With Hachilema now established in the State House there is feared victimisation of his predecessor’s rabid and well-armed supporters, it is tempting to imagine that the age of revenge politics is at its close but being practiced at this tome in Zambia.

But those politics remain, tethered as they are to a vengeful form of neoliberalism that Hachilema helped foster throughout his political career. In their now-subtler form, they threaten to germinate in the years of his administration, and bloom again afterward.

Hakainde Hichilema has acted in a rushed manner usually seen in the scorned lovers.
The revenge politics is like political idiocy.
Once in power popularists never disappoints with their eloquent nonsense.

The problem of revenge politics makes other leaders to refuse to give power and the army will support them. We have seen the idiocy pontificated as political wisdom from a popurlarist.

It is dangerous for Africa to have an irresponsible and immature opposition leaders who ascend to power armed with a heavy spirit of revenge.

We expected Zambia to assume soberness and sanity and fly the democratic flag very high.

“Irrational” is a word to describe a man crowned with his party’s nomination because of his ideological banality, his factional neutrality, and his stereotypically generic “presidential” appearance and demeanor. In fact, this leader is far from innocent: his actions have ever lasting effects on the future relationship between the force and the politics.

Hachilema is very eager to quickly seduce those who were eager to see the end of Edgar Lungu’s vicious and bully politics. But it served to mask the role both Hakainde Hachilema and his party have played in creating the vengeful neoliberal conditions of poverty, alienation, and moral decline that will pave the way for none democratic barbaric precedence.
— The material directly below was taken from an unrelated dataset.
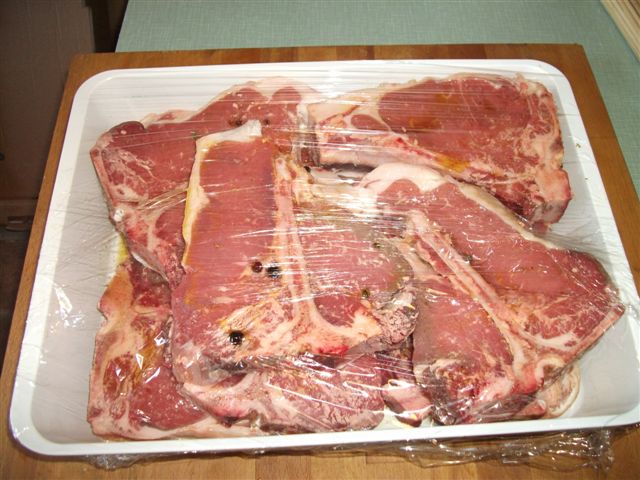 e per finire ed ha ancora appetito le fiorentine.........non sono proprio come le volevo ma pazienza Nell'altro reparto si sta preparando una vasca da bagno di pasta fredda con pomodorini ed altro, antipasti di vari tipi, Dalla cantina è già stato fatto il prelievo dei vini: cartizze, cataratto per chi vuole il bianco,morellino di scansano ,nero d'avola Placido Rizzotto terre confiscate alla mafia, spumante a finire ovviamente non mancheranno i dolci

The politics of vengefulness that HH tapped and distilled into such an intoxicating moonshine will flow in the veins of Africa and its vindictive form of capitalism.

Zambia if not careful is telling all those who cheered them on that if you lose you will be victimised. As Africa look in awe those in the armies of Morden democracies have started to dig in if a mew leader is to come into office.

Thanks to the impatient Hachilema the fate of many will now be decide by the army and army alone. Who on earth will want to lose how job by allowing a leader into office.
Tempering with the army is a dangerous game which Hachilema has kicked off.
Did they celebrate to early too soon.